The short and steep Oak Flat Loop drops you 400 feet down into the canyon but doesn’t really give any better views than you can get from the rim. It is fairly steep in places but it gets you as far down into the canyon as you can go without the wilderness permit (unless you access from the East Portal Road). At the lowest point of the Oak Flat Loop another trail leads off down to the river. The trail called to us and we stared at the sign for a while but we did not have the required wilderness permit. We probably would have been hard put to climb back up out of the canyon, but it sure was tempting (we frequently are not as bright as we look).
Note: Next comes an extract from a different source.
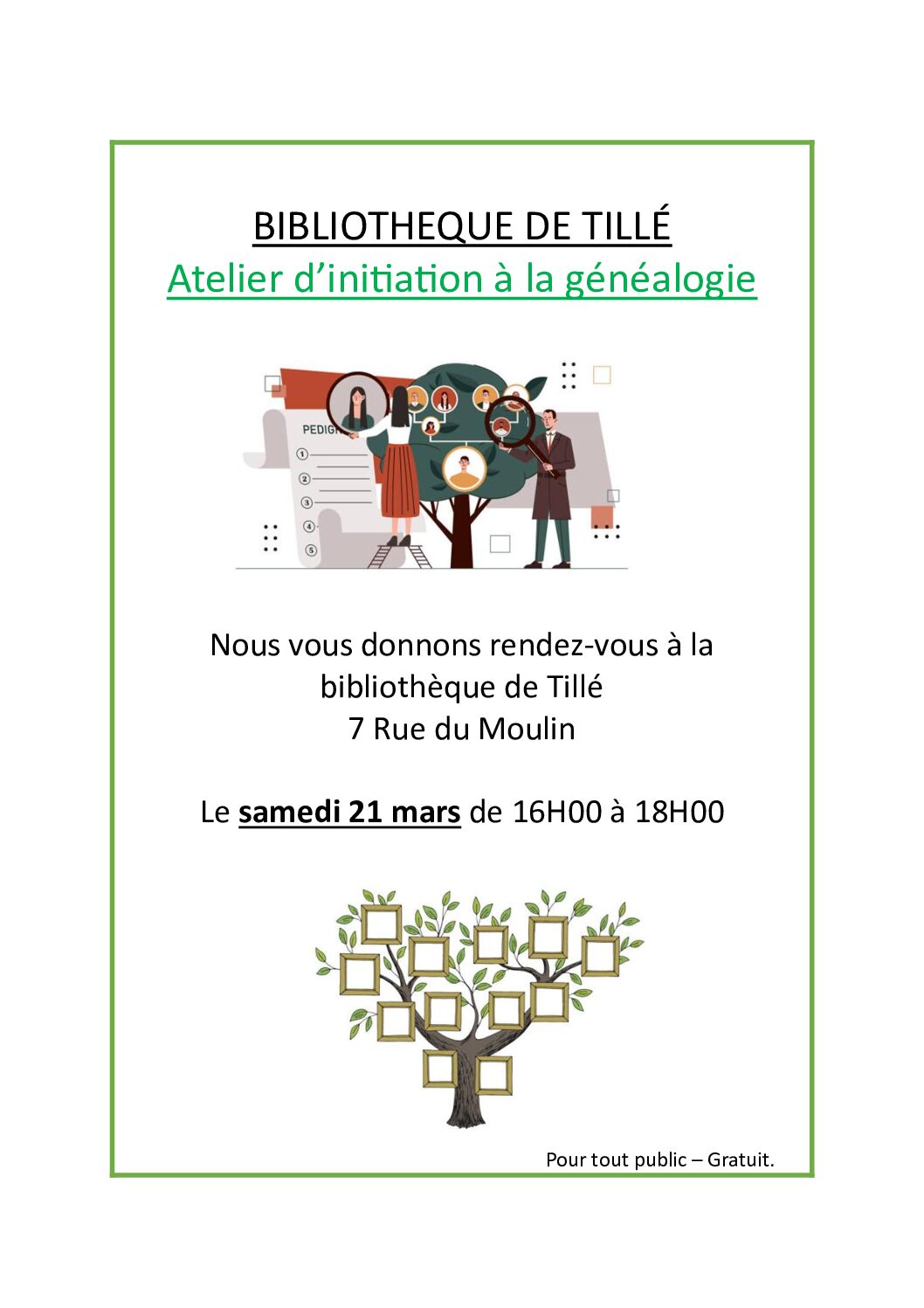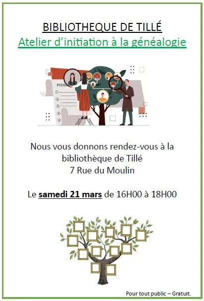 Les bénévoles de la bibliothèque vous donnent rendez-vous le samedi 21 mars 2026 de 16h à 18h pour une initiation à la généalogie.

Speaking of the East Portal Road. There’s another WOW! Vehicles are limited to 22 feet for very good reason. The road starts mildly enough with cattle grazing across it in the open range section (they stare, they moo, they chew – such pretty eyes) but once it drops over the edge – hang on. We had hoped to get a good picture of the hairpin turns but they are so tight that you can barely see one level down from the edge of the level you are on. The road is at a 16% grade. Our Subaru took it like a champ and earned its keep once again. There is a place to pull over part way down in case you need to rest your gears, brakes, knuckles, whatever. It’s also a good spot to take a picture.
Once down, there are signs explaining how an entire town was built down there and their road was steeper than the one that exists now. All those people were there to build a diversion dam and tunnel. That would be a 5.8 mile long, 11 foot x 12 foot tunnel through the sheer rock wall of the canyon so they could get water to the Uncompahgre Valley. Unfortunately all you can see is the diversion dam and the little building that sits over the opening of the tunnel.
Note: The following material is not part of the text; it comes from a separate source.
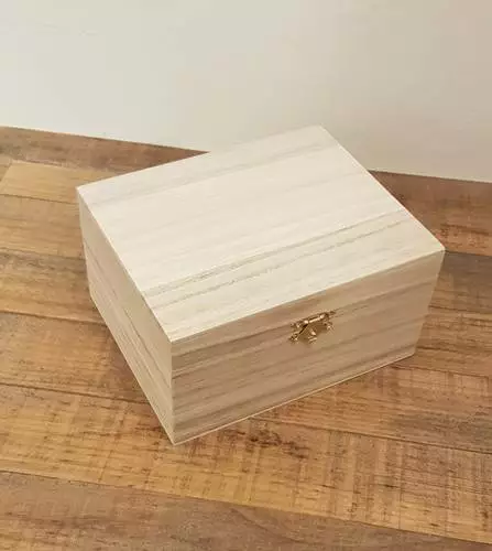 Scatola in legno grezzo di balsa con chiusura in metallo.

I forgot to mention that this area, with a nice campground along the river, is in the Curecanti National Recreation Area. The only road comes in through the National Park and it dead ends at a bigger dam a little way upstream. There were several fly fisherman standing in the river happily fishing. What a gorgeous place to fish!
The Curecanti also offers a boat tour of the Gunnison Canyon that several people recommended highly but they had closed for the season by the time we got there. The boat is accessed from way over in the Curecanti National Recreation Area. If you are interested, check their website first. I read you have to go down several hundred steps and hike a distance to the boat launch so it is an adventure before you even reach the boat. Then, you have to get back up again.
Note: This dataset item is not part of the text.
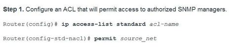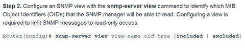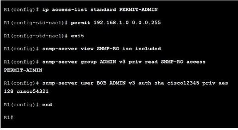 | SNMPv3 Configuration Steps EJ: a standard ACL named PERMIT-ADMIN is configured to permit only the 192.168.1.0/24 network. All hosts attached to this network will be allowed to access the SNMP agent running on R1. An SNMP view is named SNMP-RO and is configured to include the entire iso tree from the MIB. On a production network, the network administrator would probably configure this view to include only the MIB OIDs that were necessary for monitoring and managing the network. | |

Campground – We stayed at the south rim campground. It is a little back from the edge of the canyon but the Rim Rock Trail leads off below the rim where you can sit and gaze into the canyon below. If you continue 1 mile on the trail, you’ll reach the visitor center. The campsites were good size and reasonably level and very empty. We had no problem finding a nice shady site to tuck into (Site B20). The “B” loop had electric hookups and the days had been hot so we paid the uplift and camped there. The restrooms are somewhat smelly pit toilets and there is water available but a sign at the spigot states “This water has been hauled 14 miles, please conserve”. There are dumpsters for recycling and trash but no dump stations. NO phone signal. Our booster did pick up a bit of an intermittent signal but could not lock on. We did not wander the campground checking for better spots. We just enjoyed being unplugged. The mule deer wander through the campground ignoring the humans and the chipmunks basically own the place. We saw several rabbits and one, cute little baby bunny that tucked itself into the brush and “froze” when we came near. Bear and mountain lion warnings are posted throughout the campground but there were no sightings while we were there. It is a nice campground and we enjoyed our stay there.
We visited the Black Canyon in the Spring a few years ago. The black walls of the Canyon really set off the colors of the wild flowers. We would love to go back, this time in the RV, so thank you for the campground notes!